O secretário-geral do PS, José Sócrates, definiu hoje sete “desafios estratégicos”, que passam pela educação, energias renováveis e equipamentos sociais e de saúde, elegendo justiça e reforma do sistema político como “questões-chave” para uma “ação imediata”.

Na apresentação do programa eleitoral do PS, Sócrates apontou sete “desafios estratégicos” que propõe que o “país assuma”, estando “em primeiro lugar, o aumento da escolarização dos jovens, na perspetiva do cumprimento da escolaridade obrigatória até ao fim do ensino secundário, conforme lei aprovada na anterior legislatura”.
A “consolidação da aposta nas energias renováveis”, o “apoio à afirmação do setor exportador, para que possa vir a representar 40 por cento do Produto Interno Bruto”, e a “continuação do investimento em ciência e tecnologia”, são outros dos “desafios estratégicos” que enunciou.
Sócrates elegeu também o “avanço na rede digital para que todo o território nacional fique coberto pelas redes de nova geração e pela banda larga de alta velocidade” e a “prossecução da simplificação e modernização administrativa”.
A “conclusão das redes de cuidados de saúde” nomeadamente, das “unidades de saúde familiar e a rede de cuidados continuados para idosos independentes” e a “conclusão das Redes de equipamentos sociais, com destaque para as creches”, para “apoiar as jovens famílias portuguesas”, completam as metas definidas pelo PS.
O secretário-geral socialista identificou também “quatro questões chave para o progresso coletivo, que implicam uma resposta urgente” a que, disse, o PS “quer dedicar ação imediata do seu governo”.
À cabeça está a Justiça, afirmou, “para que seja um fator indutor de confiança, estabilidade mas também que seja um fator que acelere e melhore a competitividade económica”.
“A inserção dos jovens na vida ativa, para que os jovens que transitam para mundo do emprego tenham mais oportunidades de estágio profissional, de contratação por conta de outrem, criação do próprio emprego, mais oportunidades de iniciativa e empreendorismo”, apontou Sócrates.
A reabilitação urbana, que favoreça a “qualificação” das cidades e a “dinamização do mercado de habitação, incluindo o arrendamento” é outra das questões para “ação imediata”, afirmou.

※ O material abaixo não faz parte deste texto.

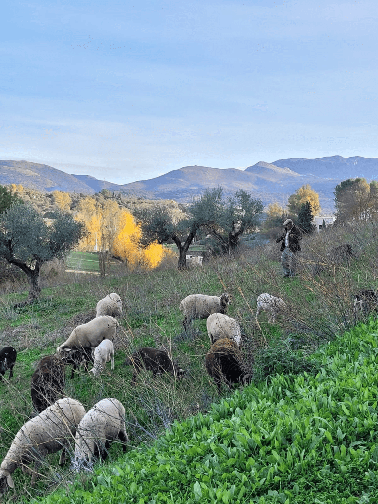 Y pasamos al otro lado del Puente Nuevo. Nos adentramos en el Barrio de San Francisco, y por un camino descendente llegamos a la planicie que se desenrolla hasta las sierras. Allí, como si regresaremos al siglo XIX, nos encontramos con lo que parece un pastor de ovejas. Laura habla con él, seguramente se sorprende por el interés de una visitante.

A “organização do Estado e reforma do sistema politico” foi apontada pelo líder do PS como área a que a dedicar “ação urgente”, para que “prossiga a racionalização serviços e dos organismos públicos e empresas públicas e racionalização dos cargos dirigentes e para que prossiga descentralização dos serviços, a descentralização de competências e a aproximação dos eleitores aos eleitos”.
A abrir a sessão de apresentação do programa eleitoral do PS, que decorreu numa sala do Centro Cultural de Belém, interveio a mandatária nacional socialista Helena Nazaré, ex-reitora da Universidade de Aveiro e recém-eleita presidente da Associação de Universidades Europeias, o professor da faculdade de medicina da Universidade do Porto Henrique Barros e o professor da Universidade Nova de Lisboa e co-fundador da empresa Y Dreams Eduardo Dias.
Helena Nazaré fez uma intervenção breve, de cerca de cinco minutos, em que se referiu sobretudo às universidades, salientando a qualificação, “com nível de mestrado e doutoramento”, em que Portugal está equiparado “com os países mais desenvolvidos da Europa”.
“Temos hoje uma produtividade científica que ombreia também com os outros países da Europa. A nossa academia está com problemas, claro que está, mas também não somos os únicos, e tenho a certeza que vamos saber resistir e enfrentar este desafio”, afirmou.
Enquanto Henrique Barros fez uma intervenção de defesa do Serviço Nacional de Saúde, Eduardo Dias falou durante cerca de vinte minutos sobre o empreendedorismo, a importância da autoconfiança e da “luta contra o pessimismo”, bem como do investimento em tecnologia.